Reproduce exactly, from the data that follows, the line with "优秀团员接力百年党史青年说", the line with "Fot. 18 Koło zapasowe/trójkąt/gaśnica", and every line that lies between them.

* [DATASET EXCERPTS]
>>>>>

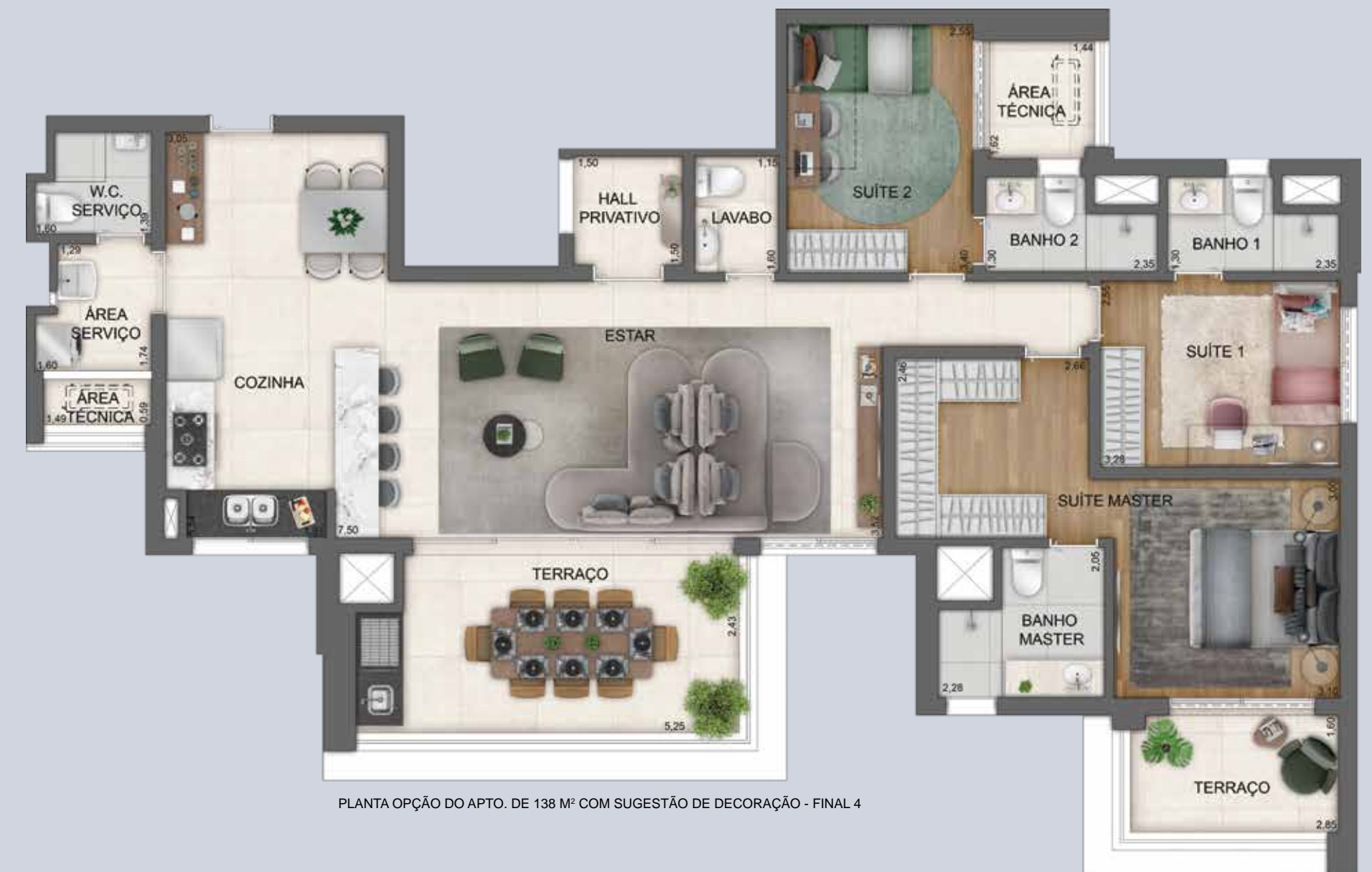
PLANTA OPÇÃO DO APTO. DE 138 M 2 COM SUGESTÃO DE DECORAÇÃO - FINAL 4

<<<<<
>>>>>

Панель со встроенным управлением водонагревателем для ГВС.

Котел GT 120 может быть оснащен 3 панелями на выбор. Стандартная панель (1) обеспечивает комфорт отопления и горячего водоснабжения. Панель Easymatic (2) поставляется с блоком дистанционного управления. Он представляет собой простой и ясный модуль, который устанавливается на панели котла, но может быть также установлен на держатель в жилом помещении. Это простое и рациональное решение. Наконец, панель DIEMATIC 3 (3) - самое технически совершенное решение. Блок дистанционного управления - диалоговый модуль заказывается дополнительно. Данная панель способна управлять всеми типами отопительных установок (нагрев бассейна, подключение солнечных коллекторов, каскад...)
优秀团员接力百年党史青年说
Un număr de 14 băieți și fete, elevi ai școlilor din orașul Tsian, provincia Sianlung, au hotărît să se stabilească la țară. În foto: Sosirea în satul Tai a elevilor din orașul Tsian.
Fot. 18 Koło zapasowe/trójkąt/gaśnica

<<<<<
>>>>>

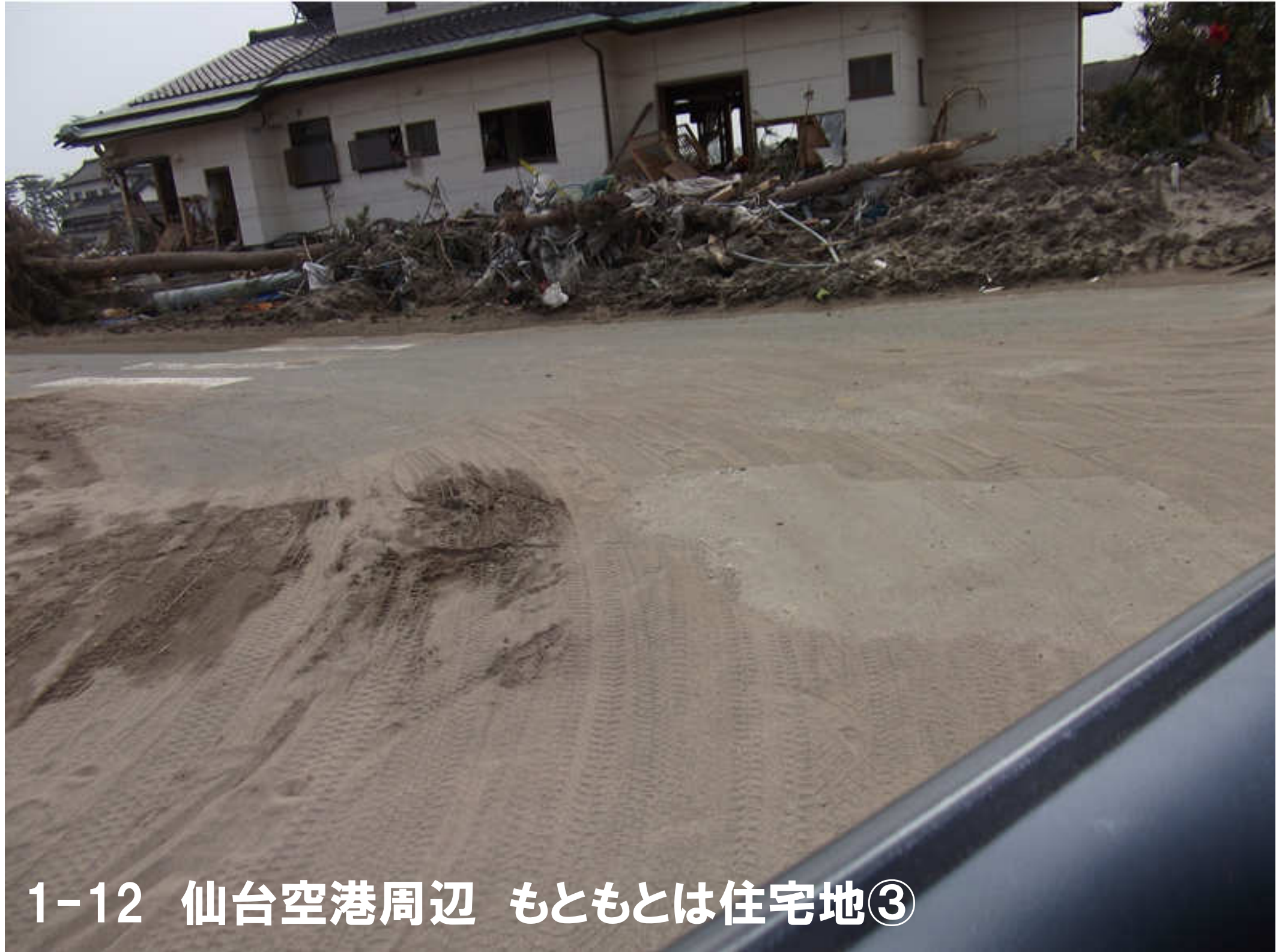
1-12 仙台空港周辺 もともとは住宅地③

<<<<<

* [SOLUTION FOR THIS PROBLEM]
优秀团员接力百年党史青年说
Un număr de 14 băieți și fete, elevi ai școlilor din orașul Tsian, provincia Sianlung, au hotărît să se stabilească la țară. În foto: Sosirea în satul Tai a elevilor din orașul Tsian.
Fot. 18 Koło zapasowe/trójkąt/gaśnica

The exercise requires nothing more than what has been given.